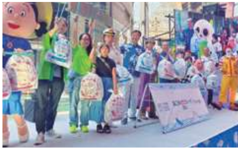
■春の海ごみゼロウィークブースイベント (福岡県福岡市)
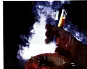
7 Stickstoff in der Tierzucht
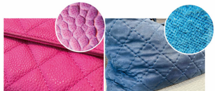
反絨皮(水洗魚子醬) 翻毛皮(反毛皮)
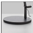
Demetra LED T Base NRO 1733040A
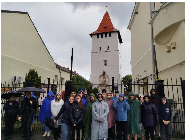
Nagyszalonta, Csonka torony
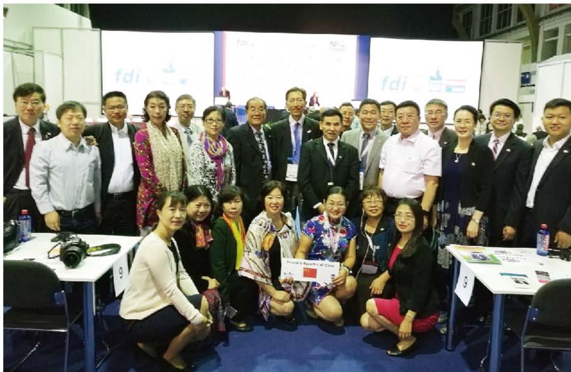
(国际交流部供稿 责任校对 蒋依兰)

大会期间学会还同美国、日本、韩国、德国牙医学会分别进行了沟通与交流，达成双方长期的合作共识与目标，并与亚太口腔组织及国家针对进一步加强亚太地区口腔合作与交流进行了建议性的沟通。
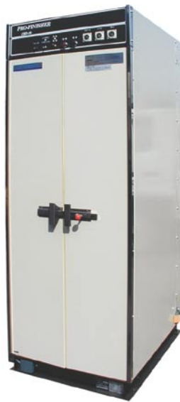
CBD-10/CBD-10ロータイプ/ CBD-10ステン/CBD-10ステンロータイプ スチームボックス タイマー式 (750×1000×2140mm 標準)

熱風吹き込み機構で優れた仕上げを実現します。静止乾燥機としての機能も充実、熱風は全排気式。断熱構造のフレームで熱を外に逃さず快適な作業環境を提供します。
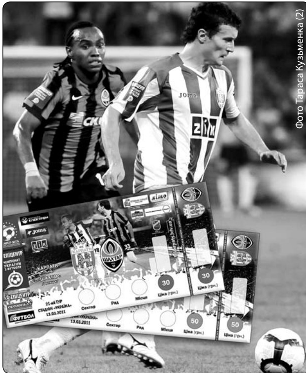
Фото Тараса Кузьменка (2)

Сьогоднішні «Карпати» здатні це зробити: лідери залишилися, новачки втираються в колектив, робота кипить. Незмінним фактором загального успіху залишилося лише одне – підтримка фанатів. Далекоглядні уболівальники вже потурбувалися про абонементи. Тим же, хто з різних причин не купуватиме сезонну перепустку, варто подбати про квитки. Їх можна купити в обох магазинах «Фанат» (вул. І. Франка, 32 та вул. Липова Аляя, 5), які працюють за звичними графіками. Тож у неділю, 13-го березня, 16:00, стадіон «Україна» і 28 тисяч тих, хто буде щиро вірити у перемогу «Карпат».
◇ ◇ ◇
**Work to be completed:**
In the data above, take the line with "CBD-10/CBD-10ロータイプ/ CBD-10ステン/CBD-10ステンロータイプ スチームボックス", the line with "Фото Тараса Кузьменка (2)", and every line between, and set them down exactly without pictures.

**Solution to the exercise:**
CBD-10/CBD-10ロータイプ/ CBD-10ステン/CBD-10ステンロータイプ スチームボックス タイマー式 (750×1000×2140mm 標準)

熱風吹き込み機構で優れた仕上げを実現します。静止乾燥機としての機能も充実、熱風は全排気式。断熱構造のフレームで熱を外に逃さず快適な作業環境を提供します。
Фото Тараса Кузьменка (2)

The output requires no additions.